Until 2000, Israel wouldn't even speak of accepting a Palestinian state, but instead spoke of "autonomy," which meant that the Palestinians would be allowed to have their own civil administration -- but the territories would remain under Israeli occupation.

The so-called "generous offer" of Camp David was, in fact, anything but. While grudgingly allowing an "independent Palestine," the actual proposal would annex large "settlement blocs" of the West Bank (including the best land and aquifers), dividing the West Bank into at least three noncontiguous areas. Israel, further, insisted on a "security zone" in the Jordan River valley, meaning that not only would the parts of "Palestine" be cut off from each other, Israel would control all their borders, including the one with Jordan. (Sort of like the current situation with Gaza -- with Israel controlling its borders, it is merely reduced to the status of a large open-air prison.) Furthermore, even within the areas designated as a "Palestinian state," Israel would keep all its scattered settlements, and the IDF would maintain the network of "Israeli-only" roads between the settlements (further cutting the "Palestinian state" into tiny unconnected blocs only reachable by passing through IDF checkpoints).

In short, the "independent Palestine" offered by Barak at Camp David was little more than a set of unworkable bantustans or reservations. I wouldn't have accepted such a proposal.

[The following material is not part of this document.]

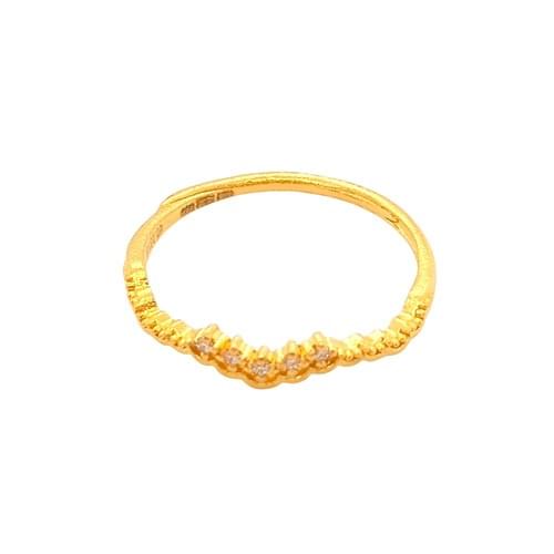 俐落的 V 型輪廓向中央延展,細緻鑲鑽沿線綻放柔亮火彩,拉長指型比例,展現優雅自信。這款 V型鑲鑽黃金女戒 以精準鑲嵌工藝呈現細膩光感,無論單戴或疊搭,都能為日常造型添上一道恰到好處的亮點。

(In fairness, I would note that a far better potential agreement than Camp David was reached at Taba at the end of 2000, but it was a case of too little, too late -- with the Clinton administration about to be replaced by the Bushes, and with Barak trailing Sharon badly in elections to be held within the month, it was obvious the settlement was D.O.A. and would have been repudiated by the incoming governments even before the first steps could have been taken.)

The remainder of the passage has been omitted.